Decision trees make predictions by learning simple decision rules inferred from data features. They create a tree-like model of decisions.

### Key Properties:
- Easy to understand and interpret
- Handles both numerical and categorical data
- No need for feature scaling
- Prone to overfitting
- Non-linear decision boundaries

In [None]:
# Decision Tree Implementation
print("=== DECISION TREE ===")

# Train decision tree (no scaling needed)
dt_clf = DecisionTreeClassifier(random_state=42, max_depth=5)
dt_clf.fit(X_train, y_train)

# Make predictions
y_pred_dt = dt_clf.predict(X_test)
y_pred_proba_dt = dt_clf.predict_proba(X_test)[:, 1]

# Evaluate performance
accuracy_dt = accuracy_score(y_test, y_pred_dt)
precision_dt = precision_score(y_test, y_pred_dt)
recall_dt = recall_score(y_test, y_pred_dt)
f1_dt = f1_score(y_test, y_pred_dt)
auc_dt = roc_auc_score(y_test, y_pred_proba_dt)
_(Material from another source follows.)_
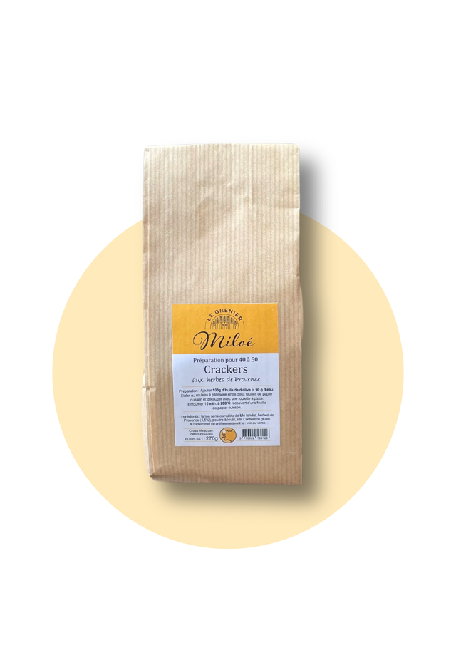 Ajoutez simplement un peu d’huile végétale (tournesol ou olive), de l’eau et le tour est joué grâce à ce mélange de farine de 270g prêt à l’emploi pour réaliser des crackers maison !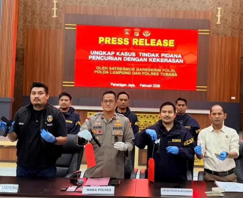 Newsoneindonesia.com, Lampung – Tim Satresmob Bareskrim Polri bersama Polda Lampung dan Polres Tulang Bawang Barat berhasil mengungkap kasus pencurian dengan kekerasan (curas) menggunakan senjata api yang terjadi di Kabupaten Tulang Bawang Barat, Lampung, Kamis (20/2/2026).

print(f"Accuracy: {accuracy_dt:.4f}")
print(f"Precision: {precision_dt:.4f}")
print(f"Recall: {recall_dt:.4f}")
print(f"F1-Score: {f1_dt:.4f}")
print(f"AUC-ROC: {auc_dt:.4f}")

# Display feature importance
print("\nFeature Importance:")
feature_importance_dt = pd.DataFrame({
    'Feature': X.columns,
    'Importance': dt_clf.feature_importances_
}).sort_values('Importance', ascending=False)

print(feature_importance_dt)

In [None]:
# Visualize decision tree
plt.figure(figsize=(20, 12))
plot_tree(dt_clf, 
          feature_names=X.columns,
          class_names=['No Purchase', 'Purchase'],
          filled=True,
          rounded=True,
          fontsize=10)
plt.title('Decision Tree Visualization')
plt.tight_layout()
plt.show()

# Feature importance visualization
plt.figure(figsize=(10, 6))
plt.barh(feature_importance_dt['Feature'], feature_importance_dt['Importance'])
plt.xlabel('Feature Importance')
plt.title('Decision Tree Feature Importance')
plt.tight_layout()
plt.show()

## 4. Random Forest

Random Forest is an ensemble method that combines multiple decision trees to create a more robust classifier.

### Key Properties:
- Reduces overfitting compared to single decision trees
- Handles missing values well
- Provides feature importance
- Can handle large datasets efficiently
- Generally achieves high accuracy

In [None]:
# Random Forest Implementation
print("=== RANDOM FOREST ===")

# Train Random Forest
rf_clf = RandomForestClassifier(n_estimators=100, random_state=42, max_depth=10)
rf_clf.fit(X_train, y_train)

# Make predictions
y_pred_rf = rf_clf.predict(X_test)
y_pred_proba_rf = rf_clf.predict_proba(X_test)[:, 1]

# Evaluate performance
accuracy_rf = accuracy_score(y_test, y_pred_rf)
precision_rf = precision_score(y_test, y_pred_rf)
recall_rf = recall_score(y_test, y_pred_rf)
f1_rf = f1_score(y_test, y_pred_rf)
auc_rf = roc_auc_score(y_test, y_pred_proba_rf)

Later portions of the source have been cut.